*** Given records Section Begins ***

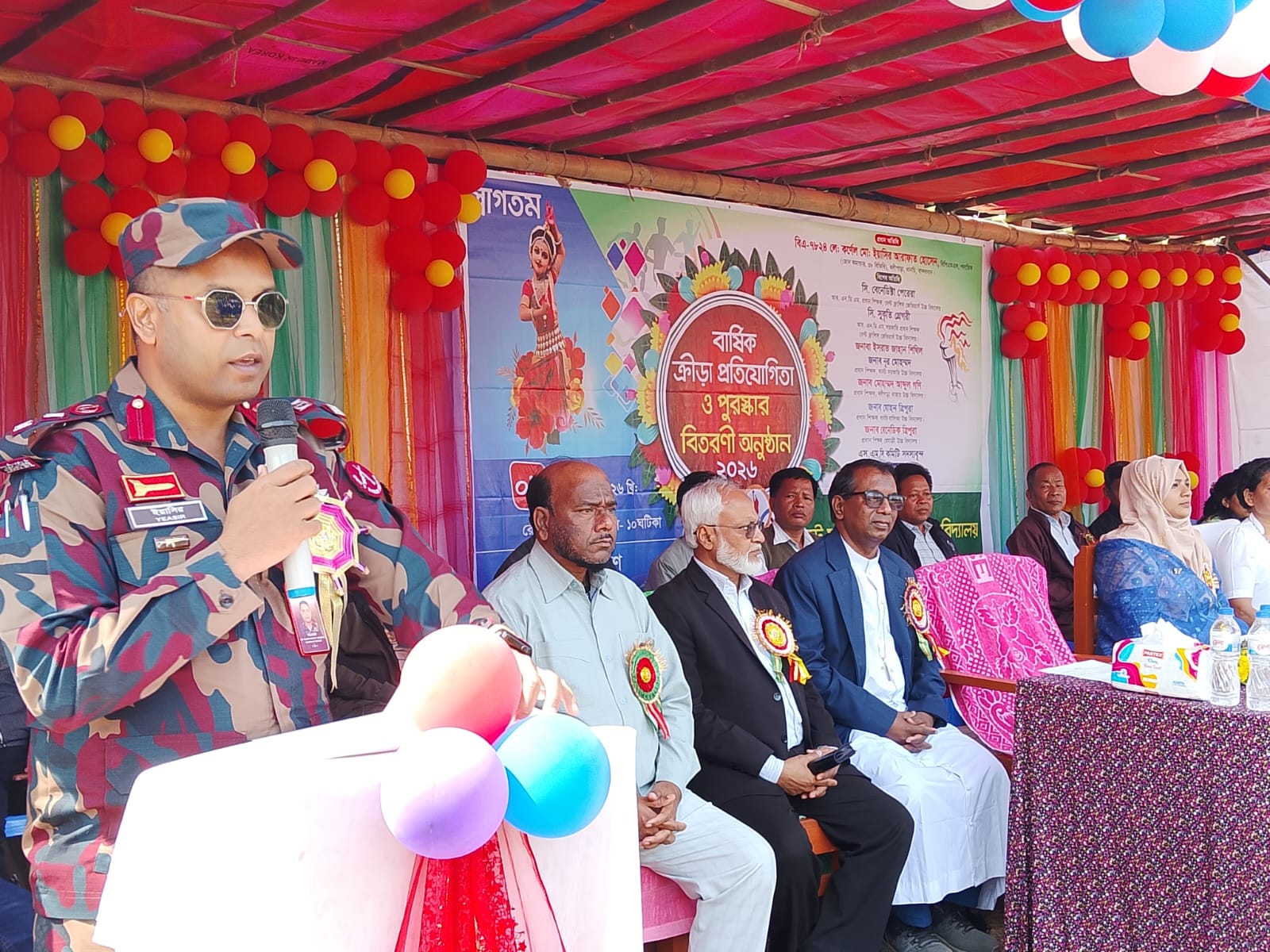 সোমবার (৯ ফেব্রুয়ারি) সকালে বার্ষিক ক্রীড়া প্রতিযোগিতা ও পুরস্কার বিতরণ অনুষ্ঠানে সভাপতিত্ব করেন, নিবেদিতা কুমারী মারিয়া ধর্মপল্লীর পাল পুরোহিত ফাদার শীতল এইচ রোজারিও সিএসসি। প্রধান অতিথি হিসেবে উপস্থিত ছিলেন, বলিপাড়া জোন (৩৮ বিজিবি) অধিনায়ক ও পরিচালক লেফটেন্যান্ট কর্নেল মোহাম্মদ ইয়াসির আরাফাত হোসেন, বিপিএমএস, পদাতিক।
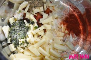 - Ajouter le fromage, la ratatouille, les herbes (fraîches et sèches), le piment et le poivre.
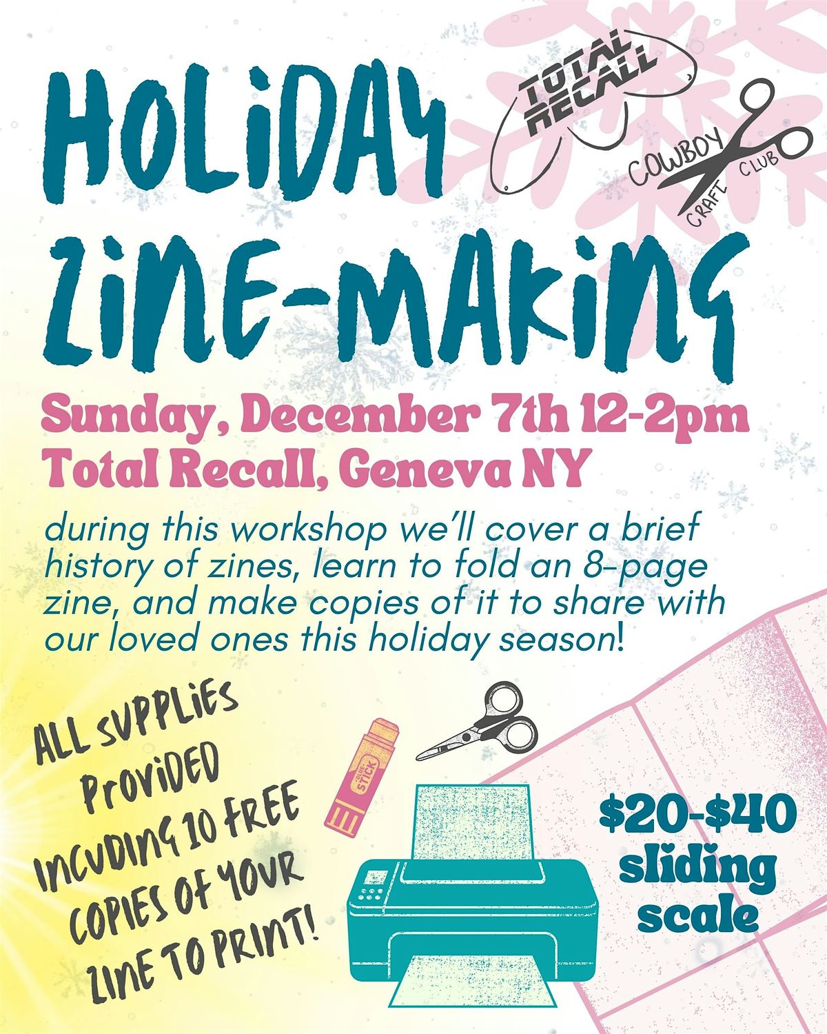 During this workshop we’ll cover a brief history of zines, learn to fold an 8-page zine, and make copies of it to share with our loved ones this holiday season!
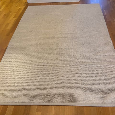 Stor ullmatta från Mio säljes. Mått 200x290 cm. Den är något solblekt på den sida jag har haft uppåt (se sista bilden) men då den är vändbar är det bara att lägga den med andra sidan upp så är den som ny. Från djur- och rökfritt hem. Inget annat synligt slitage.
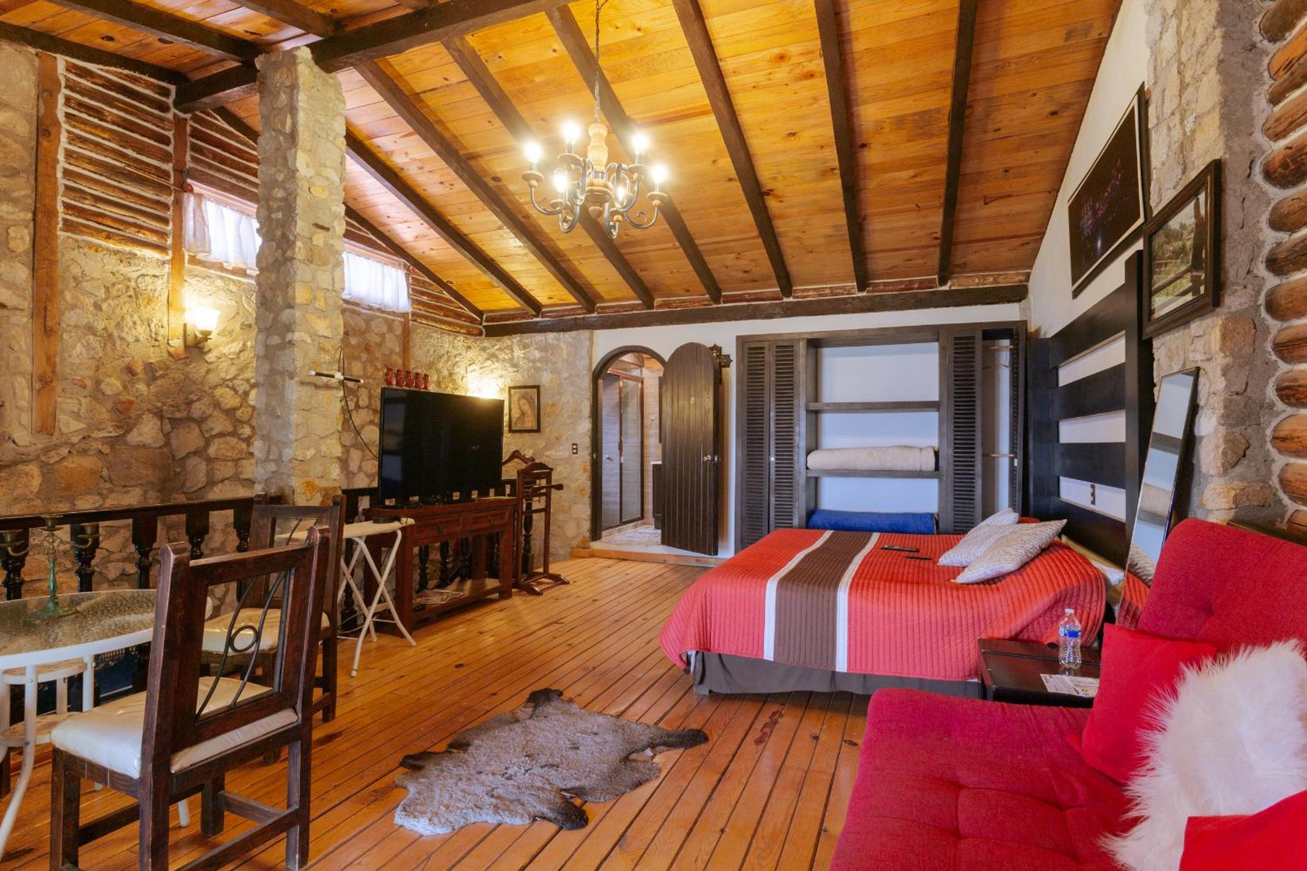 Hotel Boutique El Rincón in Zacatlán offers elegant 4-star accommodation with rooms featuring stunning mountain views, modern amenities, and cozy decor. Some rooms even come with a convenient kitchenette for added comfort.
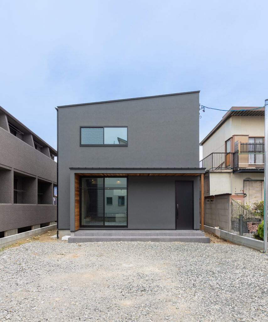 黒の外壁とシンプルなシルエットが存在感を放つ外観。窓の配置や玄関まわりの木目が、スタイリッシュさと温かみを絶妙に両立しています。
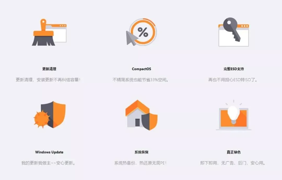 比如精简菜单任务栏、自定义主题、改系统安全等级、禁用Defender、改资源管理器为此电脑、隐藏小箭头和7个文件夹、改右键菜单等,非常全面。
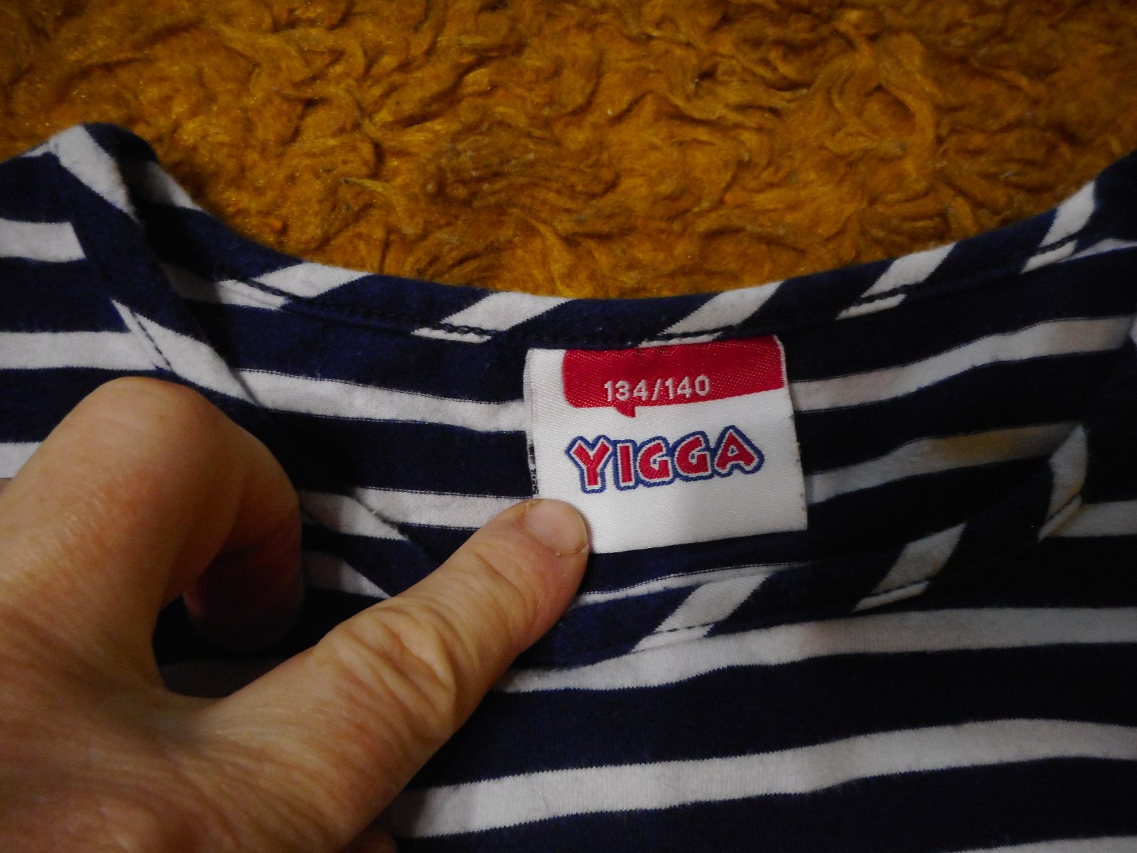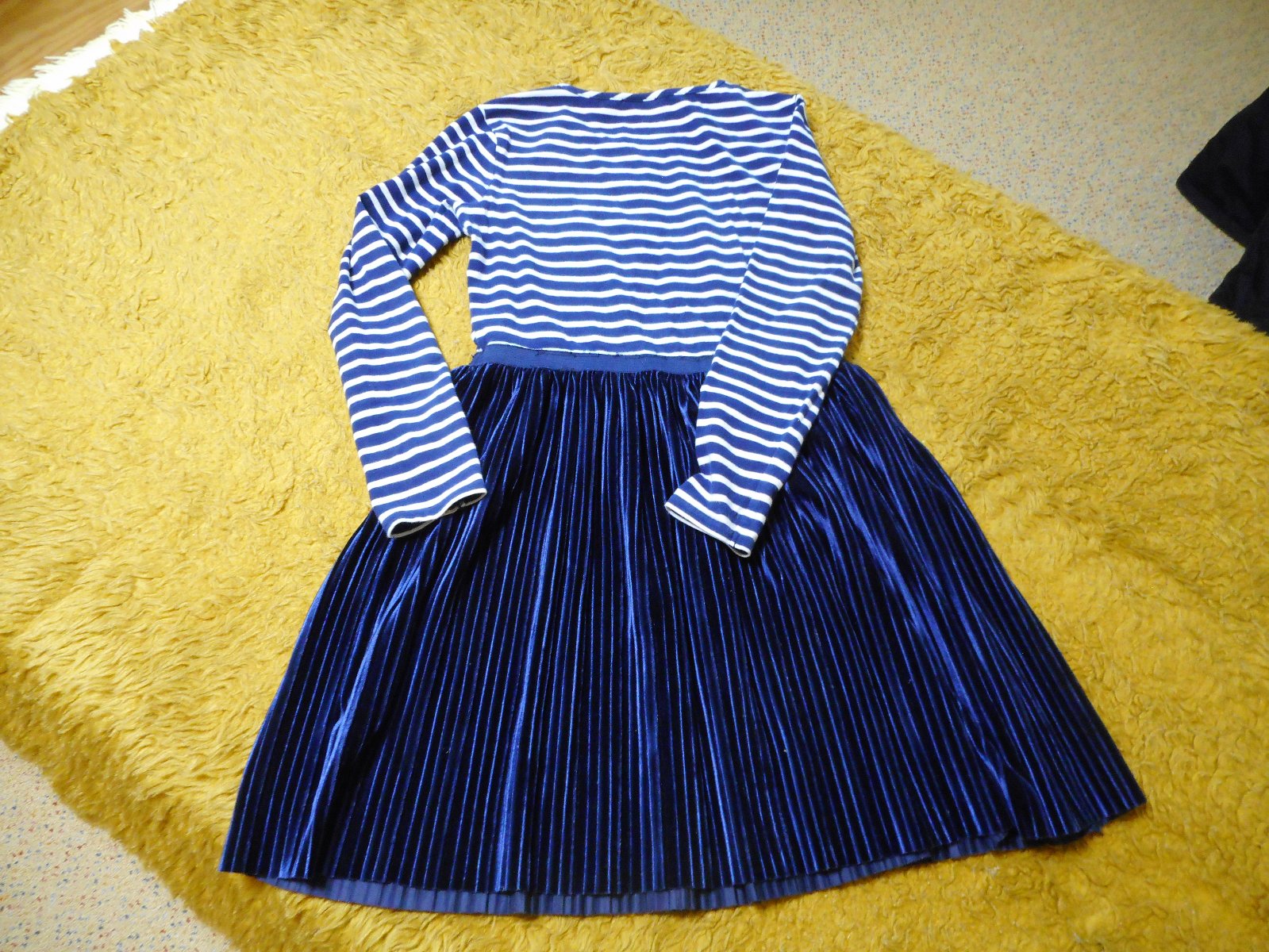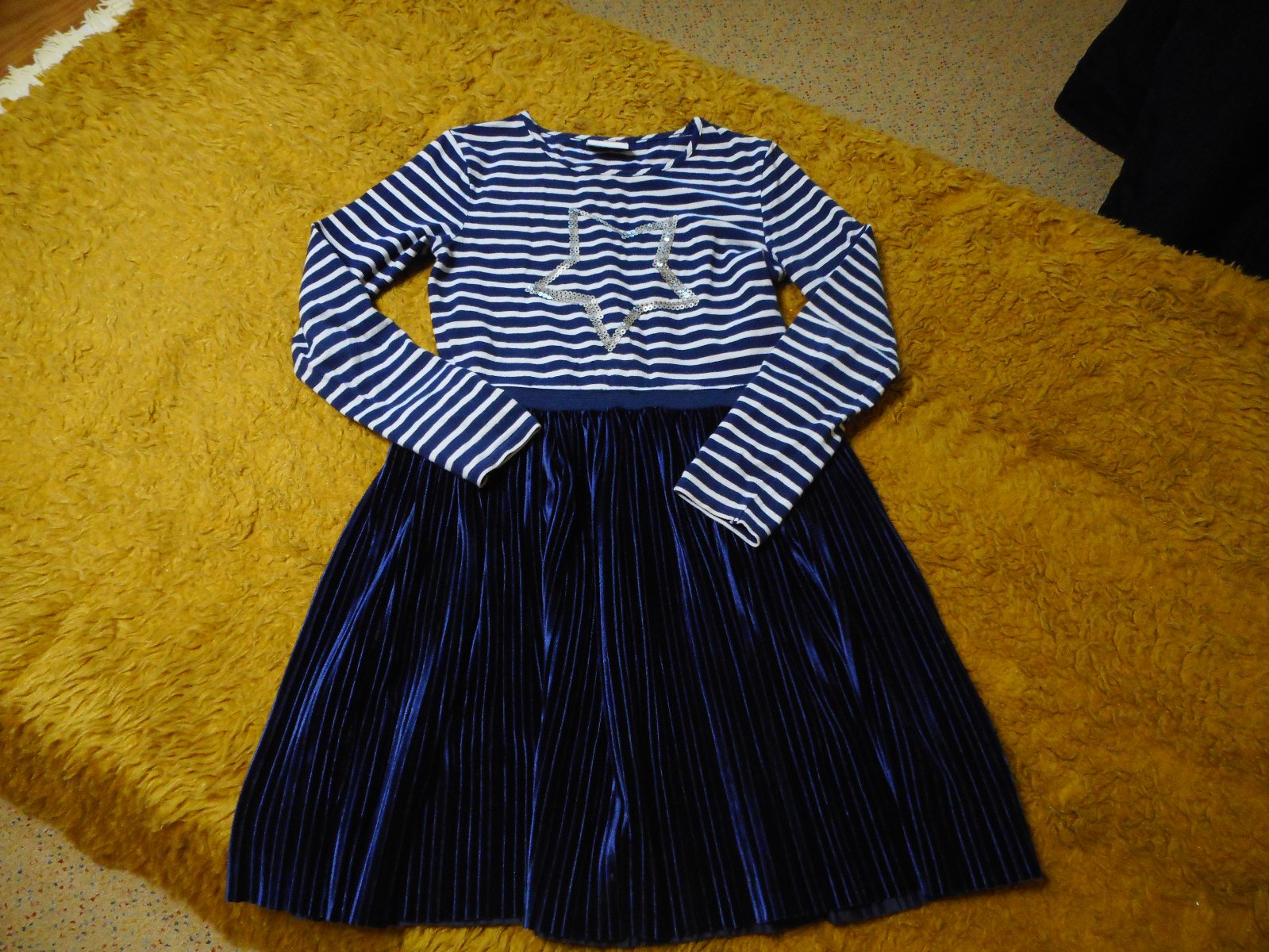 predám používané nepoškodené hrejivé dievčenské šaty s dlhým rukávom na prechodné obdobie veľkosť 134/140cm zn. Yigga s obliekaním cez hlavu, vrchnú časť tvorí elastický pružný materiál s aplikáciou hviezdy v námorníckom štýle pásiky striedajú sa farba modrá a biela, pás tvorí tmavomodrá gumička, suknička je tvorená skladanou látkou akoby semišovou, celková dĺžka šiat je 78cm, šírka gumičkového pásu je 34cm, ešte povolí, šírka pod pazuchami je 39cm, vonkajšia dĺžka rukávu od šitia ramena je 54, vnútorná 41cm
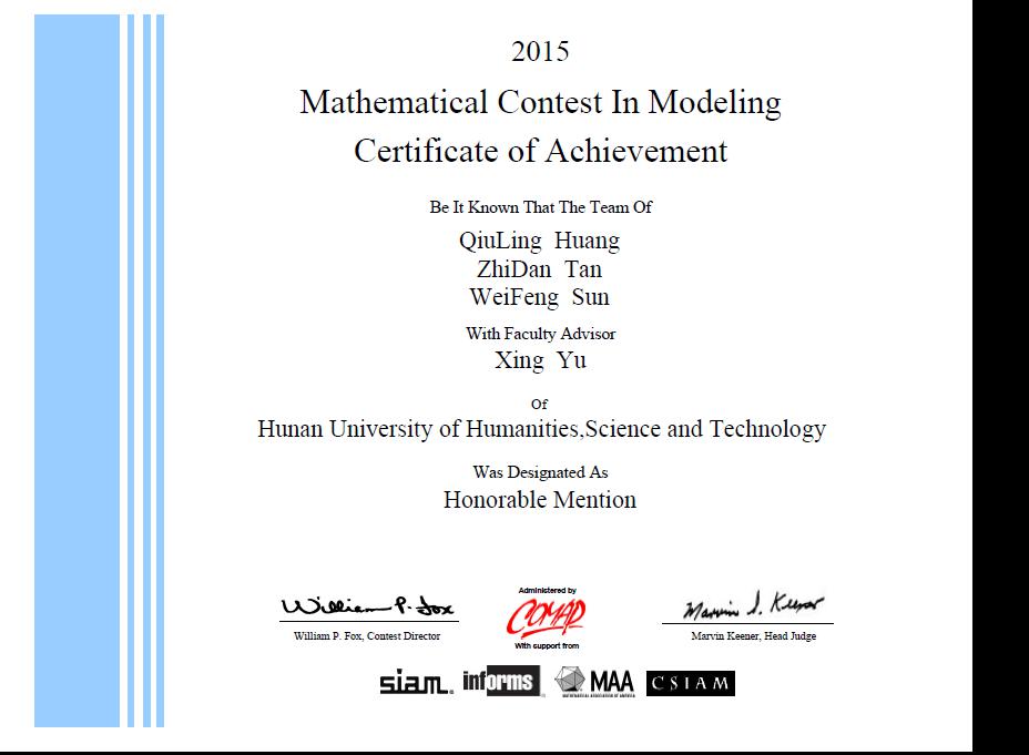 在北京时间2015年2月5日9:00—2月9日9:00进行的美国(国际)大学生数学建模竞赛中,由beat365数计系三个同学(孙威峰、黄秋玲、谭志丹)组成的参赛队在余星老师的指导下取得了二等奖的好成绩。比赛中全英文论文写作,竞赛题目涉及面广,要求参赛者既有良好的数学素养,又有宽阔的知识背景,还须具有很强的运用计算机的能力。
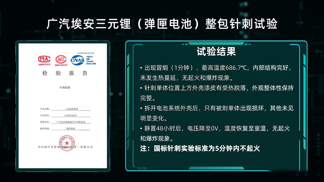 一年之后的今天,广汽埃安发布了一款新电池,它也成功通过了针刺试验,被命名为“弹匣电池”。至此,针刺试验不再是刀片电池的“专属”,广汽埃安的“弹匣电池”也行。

*** Given records Section Ends ***

Your objective:
From the data above, return exactly the lines from the one with "- Ajouter le" up to and including the one with "During this workshop". Pictures do not go in the copy.

Written solution:
 - Ajouter le fromage, la ratatouille, les herbes (fraîches et sèches), le piment et le poivre.
 During this workshop we’ll cover a brief history of zines, learn to fold an 8-page zine, and make copies of it to share with our loved ones this holiday season!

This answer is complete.